My motive for asking this question is because with many prompts, the main "question" occurs at the end of the prompt. For multiple choice dataset prompts, the answer choices are also often listed at the end. This is the case for the 5/9 prompts for wiki_hop original, in which many inputs are >1024 tokens. All of those five prompts correspond to the original task intended by the dataset authors.

It seems like important information might be cut off with end truncation. However, since you have confirmed that end truncation was performed in the T0 experiments, I will also truncate at the end. We are trying to remain true to the data and methods used in T0.

Thanks again!

Yes that's right.
Fwiw, we did remove datasets where the inputs was in majority longer than 1024 tokens, so although wikihop have some very long inputs, these examples should be pretty rare at the scale of the T0* mixtures!

Good to know.

I am working with the validation splits of the multiple choice datasets used to train T0, and I counted the number of inputs (once prompts have been applied) that had >= 1024 tokens.
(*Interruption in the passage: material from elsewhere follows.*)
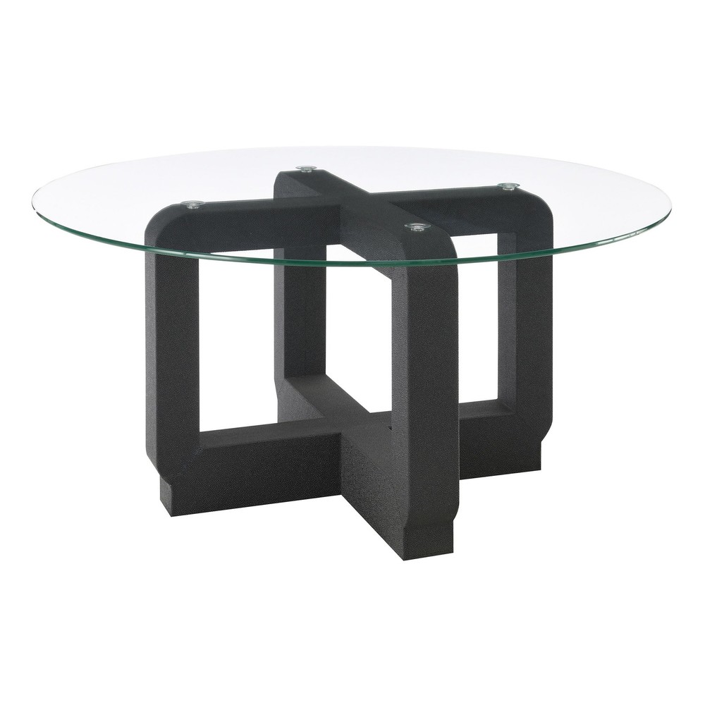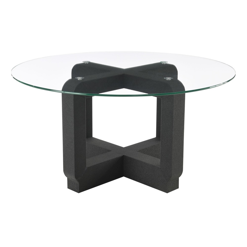 Includes: One (1) coffee table Charming open base brings sculpted flair to a modern coffee table design Features a round glass top that adds light, airy appeal to a decorative base design Base is constructed in MDF and wrapped in black faux leather to create alluring texture and depth Four C-shaped legs create a compelling geometric crossing silhouette for an open base The overall weight limit of this mirrored coffee table is 50 pounds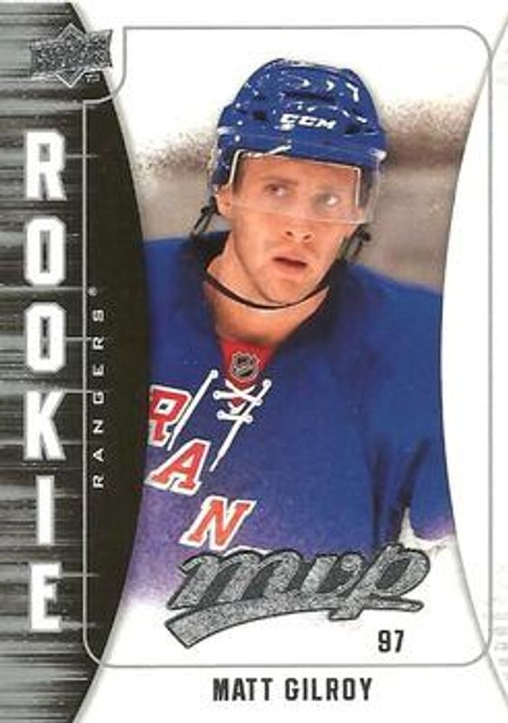 The Matt Gilroy 2009 Upper Deck MVP #378 Base Rookie card is 1 of 3 Matt Gilroy's card variations in the 2009 Upper Deck MVP set being tracked by Sports Card Investor, including Gold Script /100, and Super Script /25.

Wikihop, which has 5,129 examples in total, was the only dataset that had any inputs >= 1024 tokens.

Number of inputs with length >= 1024 tokens in wikihop original:

  • wiki_hop_original_choose_best_object_interrogative_1: 3867
  • wiki_hop_original_choose_best_object_interrogative_2: 3867
  • wiki_hop_original_choose_best_object_affirmative_3: 3906
  • wiki_hop_original_choose_best_object_affirmative_2: 3885
  • wiki_hop_original_choose_best_object_affirmative_1: 3885

(I'm working with only a subset of the prompts, so I only provide stats for the prompts above.)

I downloaded the splits as you do in t-zero/blob/master/evaluation/run_eval.py, so it's strange that so many of the examples in the validation split are so long.

Just wanted to leave a note for record-keeping. We'll truncate at the end in order to remain true to the T0 methods. Thanks again!